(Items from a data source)
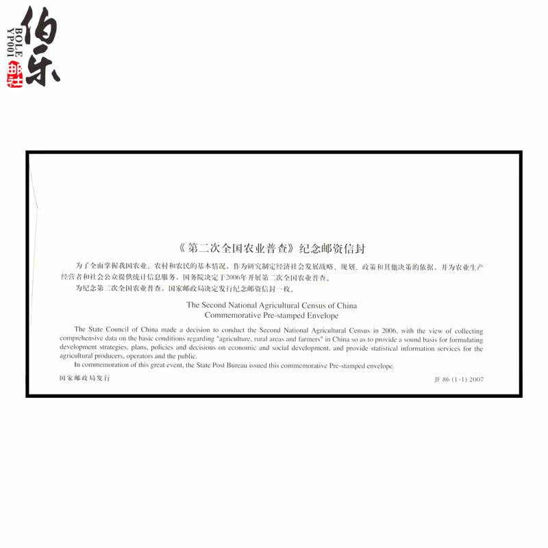 JF86 Вторая национальная сельскохозяйственная перепись Мемориальная почтовая печать
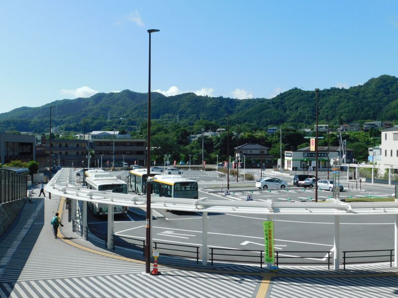 -- 上野原駅南口。広々としたバスターミナル。8:30
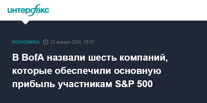 В BofA назвали шесть компаний, которые обеспечили основную прибыль участникам S&P 500
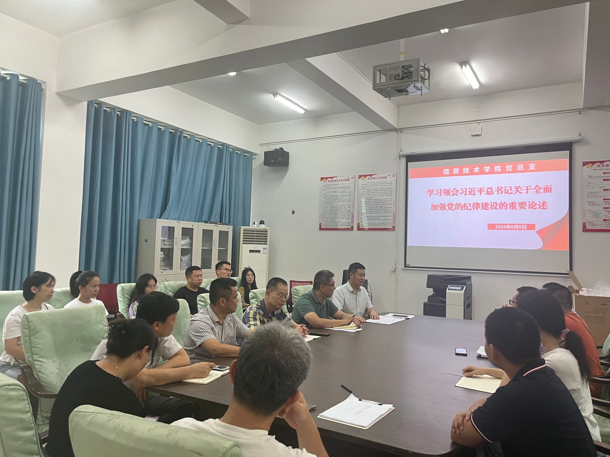 会上,教工党支部书记康东首先传达了上级党组织的文件精神,他带领全体党员认真研读重要论述,深刻剖析其科学内涵和实践要求。通过系统的学习,党员们对党的纪律建设有了更为清晰的认识,纷纷表示要重温党章,严明党纪,加强自我约束,确保党的纪律在各项工作中得到全面贯彻执行。
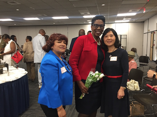 美国当地时间6月2日,萨凡纳州立大学孔子学院中方院长罗其娟、汉语教师钟佳艺应邀出席了萨凡纳查特姆公立学校联盟新任教务长安·莱维特博士的就职见面会。萨凡纳查特姆公立学校联盟董事长切斯特·埃利斯、萨凡纳律师协会会长道格·安德鲁斯以及来自萨凡纳查特姆公立学校联盟的80多名教育官员和学生代表参加了此次见面会。

TASK PROMPT: The line holding "В BofA назвали" starts the copy and the line holding "会上,教工党支部书记康东首先" ends it. Repeat those two lines above and all between them exactly, leaving out pictures.

ANSWER TO THIS EXERCISE:
 В BofA назвали шесть компаний, которые обеспечили основную прибыль участникам S&P 500
 会上,教工党支部书记康东首先传达了上级党组织的文件精神,他带领全体党员认真研读重要论述,深刻剖析其科学内涵和实践要求。通过系统的学习,党员们对党的纪律建设有了更为清晰的认识,纷纷表示要重温党章,严明党纪,加强自我约束,确保党的纪律在各项工作中得到全面贯彻执行。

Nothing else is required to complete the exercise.